[Items from a data source]
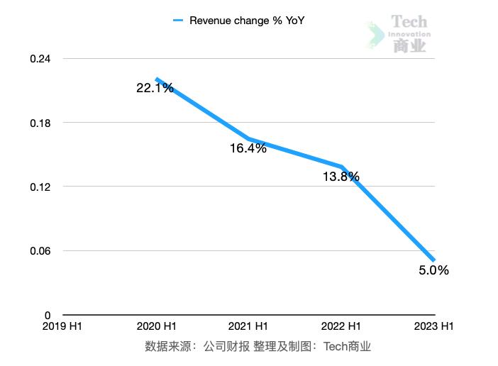 该公司上半年收入同比增长5%,其增速放缓至近年最低。2020~2022财年上半年该公司收入增幅分别为22%、16%、14%。
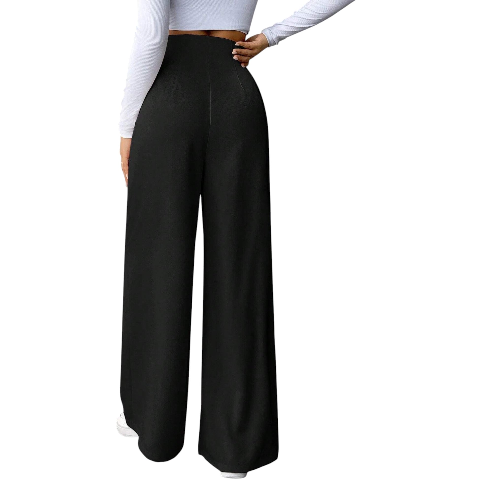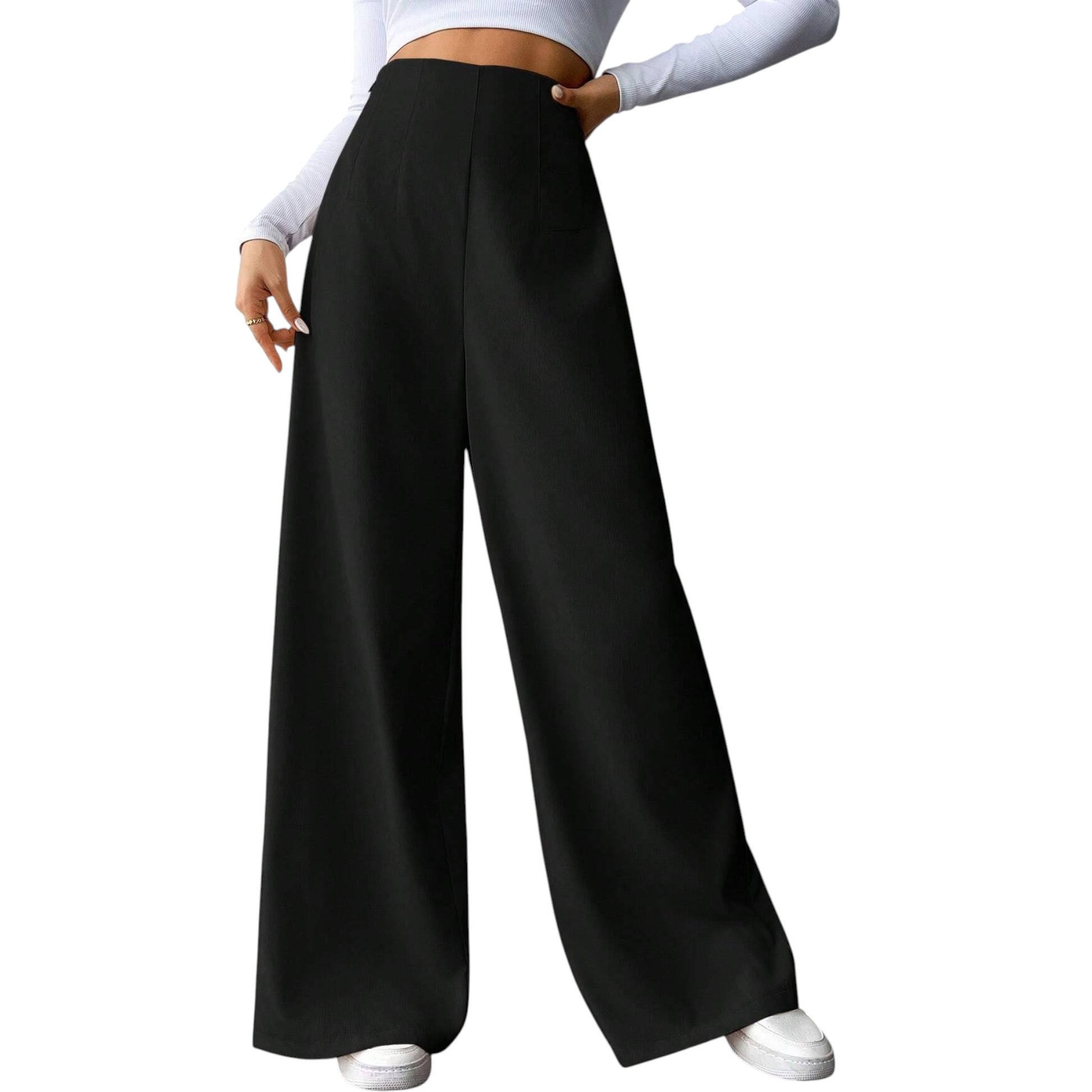 Címke nélküli, fekete, magas derekú, bő szárú nadrág.
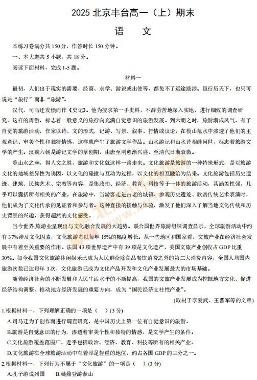 2025-2026学年(上)丰台高一期末语文试卷及答案预计在2026年1月出炉!家长可先下载去年期末试题,练习提升!新试卷公布后将更新在本页面,建议(Ctrl+D)收藏本页面!
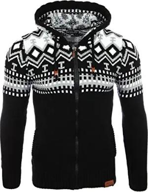 Herren Grobstrick Norweger Pullover Winter Strickjacke Kapuzenpullover RS-3104 (L, Schwarz-Weiß)
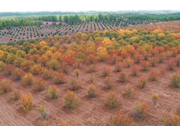 在哈萨克斯坦首都阿斯塔纳,中国科学院新疆生态与地理研究所与哈萨克斯坦塞富林农业技术大学等机构展开合作,建成23公顷的绿化示范区。图为阿斯塔纳一处苗圃(无人机照片)。法尔哈特·图克诺夫摄(新华社发)
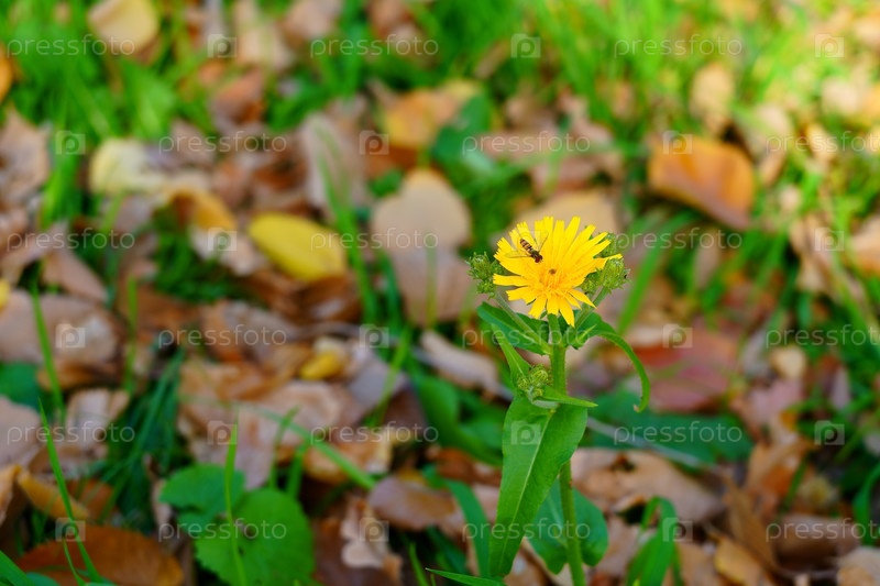 Осенний желтый цветок и пчела на нем. . Вид сбоку
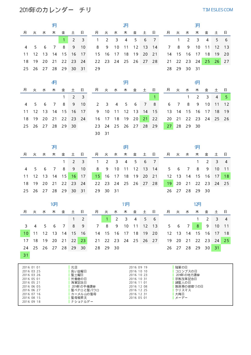 チリ向け2016年の休日と週末を含むPDFカレンダーをダウンロードして印刷します
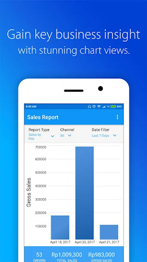 Easily manage your iSeller store whenever and wherever you are! Get realtime sales and low-stock notifications right on your phone, gain key business insights from the stunning dashboard, access dozens of reports with customizable filter and metrics – all with just a few taps.
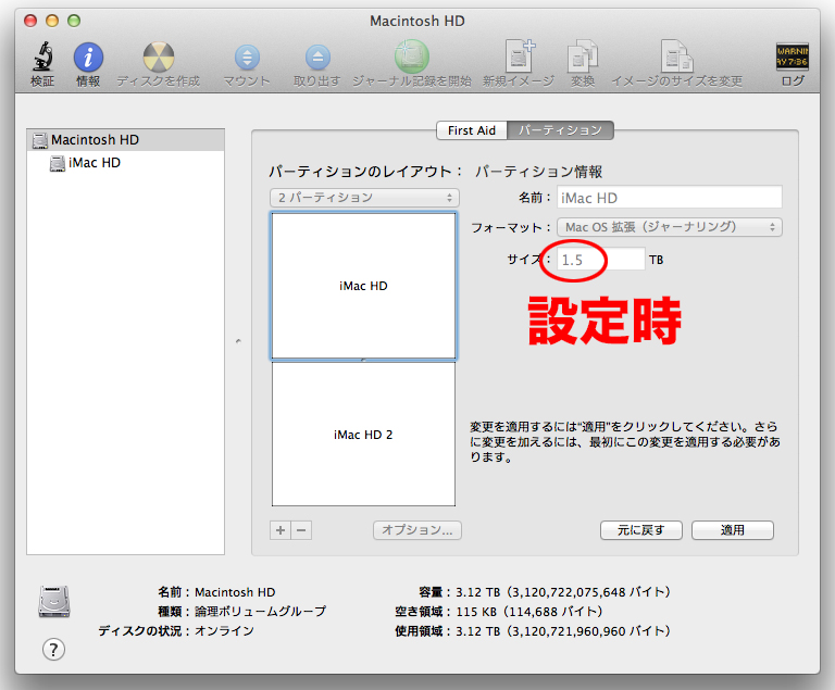 たとえばスライダを移動して 3TB を 1.5TB + 1.5TB に分けたとしても、できあがったパーティション1.37TB + 1.62TB になってしまう。
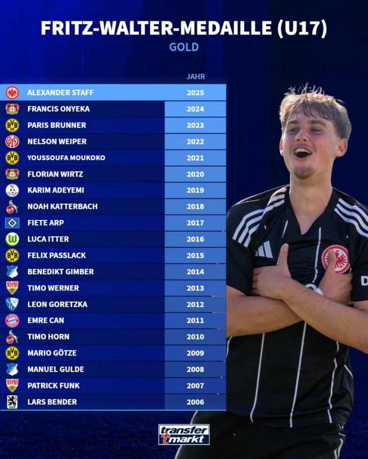 10月17日讯 法兰克福前锋斯塔夫当选德国U17年度最佳新秀,德国转会市场列出了历届德国U17年度最佳新秀名单。
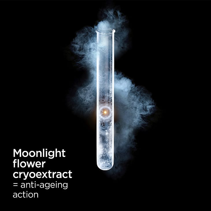 Genaktiverer hudens ungdommelighed med Moonlight Flower-ekstraktet. En ultra dyrebar essens, som udvindes gennem en unik kryoekstraktionsprocedure ved -196 °C, for at bevare dens unikke egenskaber.
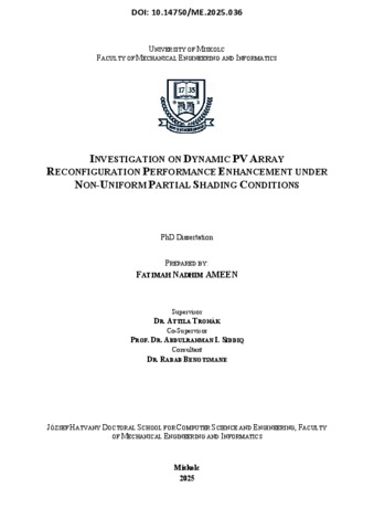 Ameen, Fatimah Nadhim (2025) Investigation on Dynamic PV Array Reconfiguration Performance Enhancement Under Non-Uniform Partial Shading Conditions. PhD thesis, Miskolci Egyetem.
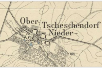 Wieś położona w gminie Złotoryja powiatu złotoryjskiego. Po raz pierwszy wzmiankowana w 1300 roku(Czeskindorf). W 1623 roku wieś należy do rodziny von Geisler. W 1626 roku wieś należała do rodu von Zedlitz. W 1650 własność rodu von Baudiss(Baudissin). W 1704 roku należy do rodziny von Birckholtz. W 1789 roku w części górnej mowa o siedzibie dworskiej, folwarku należące do rodziny von Hofmann. Część dolna składała się z dwóch majątków i folwarków należących do rodziny Hapel. W 1845 roku część Górna składała się z z dwóch części należące do kupca Wilhelma Geier i radcy karnego Kaulfuss. Dolna część składała się z dwóch części należących do braci: Wilhelma Hapel i Juliusa Hapel. W 1886 roku część górna należała do spadkobierców rodziny Geier i obejmował 152ha a część dolna podzielona na część górną, która należała do Emila Hapel i obejmowała 74 ha a część dolna należała do Rudolfa Hapel i obejmowała 66 ha. W 1894 roku część górna należała do Christopha Geier i obejmowała 166ha, a część dolna składająca się z dwóch części i część górna należała do Otto Grau i obejmowała 74ha a część dolna należała do Rudolfa Hapel i obejmowała 74ha. W 1898 roku część górna należała do Christopha Geier i obejmowała 167ha a część dolna podzielona na część górną należącą do Gustava Faulwasser i obejmowała 74ha a część dolna należała do Rudolfa Hapel i obejmowała 74ha. W 1902 roku majątek górny należał do Christopha Geier i obejmował 167ha, a część dolna podzielona część górną należącą do Gustava Faulwasser i obejmował 74ha a część dolna należąca do Rudolfa Hapel o obejmowała 74ha. W 1905 roku część górna należała do wdowy Anny Geier, z domu Vober i obejmował 167ha a część dolna składająca się z dwóch części, część górna należała do Gustava Faulwasser i obejmowała 74,7ha a część dolna należała do Rudolfa Hapel i obejmowała 66ha. W 1909 roku część górna należała do Ernsta Lommel i obejmowała 167ha, a część dolna podzielona na dwie części gdzie część górna należała do Gustava Faulwasser i obejmowała 74,7ha a część dolna należała do Rudolfa Hapel i obejmowała 66 ha. Jak podaje Spis rodzina Hapel siedziała tu od 300 lat. W 1917 roku część górna należała do Ernst Lommel i obejmował 167ha, a część dolna składająca się wcześniej z dwóch części została połączona w jeden majątek należący do Gustava Faulwasser i obejmowała 139,5ha. W 1921 roku część górna należała do Ernsta Lommel i obejmowała 167ha a dzierżawcą był Gustav Carl. Część dolna należała do Arno Eydam i obejmowała 139,5ha. W 1930 roku majątek w części górnej należał do Ernsta Lommel i obejmował 167ha a w części dolnej należał do Arno Eydam i obejmował 141ha. W 1937 roku część górna należała do Ernsta Lommel i obejmowała 167ha a część dolna należała do Arno Eydam i obejmowała 141ha.

Your objective: Each line of the records above must be repeated exactly, but no picture belongs in the copy.

Response:
 该公司上半年收入同比增长5%,其增速放缓至近年最低。2020~2022财年上半年该公司收入增幅分别为22%、16%、14%。
 Címke nélküli, fekete, magas derekú, bő szárú nadrág.
 2025-2026学年(上)丰台高一期末语文试卷及答案预计在2026年1月出炉!家长可先下载去年期末试题,练习提升!新试卷公布后将更新在本页面,建议(Ctrl+D)收藏本页面!
 Herren Grobstrick Norweger Pullover Winter Strickjacke Kapuzenpullover RS-3104 (L, Schwarz-Weiß)
 在哈萨克斯坦首都阿斯塔纳,中国科学院新疆生态与地理研究所与哈萨克斯坦塞富林农业技术大学等机构展开合作,建成23公顷的绿化示范区。图为阿斯塔纳一处苗圃(无人机照片)。法尔哈特·图克诺夫摄(新华社发)
 Осенний желтый цветок и пчела на нем. . Вид сбоку
 チリ向け2016年の休日と週末を含むPDFカレンダーをダウンロードして印刷します
 Easily manage your iSeller store whenever and wherever you are! Get realtime sales and low-stock notifications right on your phone, gain key business insights from the stunning dashboard, access dozens of reports with customizable filter and metrics – all with just a few taps.
 たとえばスライダを移動して 3TB を 1.5TB + 1.5TB に分けたとしても、できあがったパーティション1.37TB + 1.62TB になってしまう。
 10月17日讯 法兰克福前锋斯塔夫当选德国U17年度最佳新秀,德国转会市场列出了历届德国U17年度最佳新秀名单。
 Genaktiverer hudens ungdommelighed med Moonlight Flower-ekstraktet. En ultra dyrebar essens, som udvindes gennem en unik kryoekstraktionsprocedure ved -196 °C, for at bevare dens unikke egenskaber.
 Ameen, Fatimah Nadhim (2025) Investigation on Dynamic PV Array Reconfiguration Performance Enhancement Under Non-Uniform Partial Shading Conditions. PhD thesis, Miskolci Egyetem.
 Wieś położona w gminie Złotoryja powiatu złotoryjskiego. Po raz pierwszy wzmiankowana w 1300 roku(Czeskindorf). W 1623 roku wieś należy do rodziny von Geisler. W 1626 roku wieś należała do rodu von Zedlitz. W 1650 własność rodu von Baudiss(Baudissin). W 1704 roku należy do rodziny von Birckholtz. W 1789 roku w części górnej mowa o siedzibie dworskiej, folwarku należące do rodziny von Hofmann. Część dolna składała się z dwóch majątków i folwarków należących do rodziny Hapel. W 1845 roku część Górna składała się z z dwóch części należące do kupca Wilhelma Geier i radcy karnego Kaulfuss. Dolna część składała się z dwóch części należących do braci: Wilhelma Hapel i Juliusa Hapel. W 1886 roku część górna należała do spadkobierców rodziny Geier i obejmował 152ha a część dolna podzielona na część górną, która należała do Emila Hapel i obejmowała 74 ha a część dolna należała do Rudolfa Hapel i obejmowała 66 ha. W 1894 roku część górna należała do Christopha Geier i obejmowała 166ha, a część dolna składająca się z dwóch części i część górna należała do Otto Grau i obejmowała 74ha a część dolna należała do Rudolfa Hapel i obejmowała 74ha. W 1898 roku część górna należała do Christopha Geier i obejmowała 167ha a część dolna podzielona na część górną należącą do Gustava Faulwasser i obejmowała 74ha a część dolna należała do Rudolfa Hapel i obejmowała 74ha. W 1902 roku majątek górny należał do Christopha Geier i obejmował 167ha, a część dolna podzielona część górną należącą do Gustava Faulwasser i obejmował 74ha a część dolna należąca do Rudolfa Hapel o obejmowała 74ha. W 1905 roku część górna należała do wdowy Anny Geier, z domu Vober i obejmował 167ha a część dolna składająca się z dwóch części, część górna należała do Gustava Faulwasser i obejmowała 74,7ha a część dolna należała do Rudolfa Hapel i obejmowała 66ha. W 1909 roku część górna należała do Ernsta Lommel i obejmowała 167ha, a część dolna podzielona na dwie części gdzie część górna należała do Gustava Faulwasser i obejmowała 74,7ha a część dolna należała do Rudolfa Hapel i obejmowała 66 ha. Jak podaje Spis rodzina Hapel siedziała tu od 300 lat. W 1917 roku część górna należała do Ernst Lommel i obejmował 167ha, a część dolna składająca się wcześniej z dwóch części została połączona w jeden majątek należący do Gustava Faulwasser i obejmowała 139,5ha. W 1921 roku część górna należała do Ernsta Lommel i obejmowała 167ha a dzierżawcą był Gustav Carl. Część dolna należała do Arno Eydam i obejmowała 139,5ha. W 1930 roku majątek w części górnej należał do Ernsta Lommel i obejmował 167ha a w części dolnej należał do Arno Eydam i obejmował 141ha. W 1937 roku część górna należała do Ernsta Lommel i obejmowała 167ha a część dolna należała do Arno Eydam i obejmowała 141ha.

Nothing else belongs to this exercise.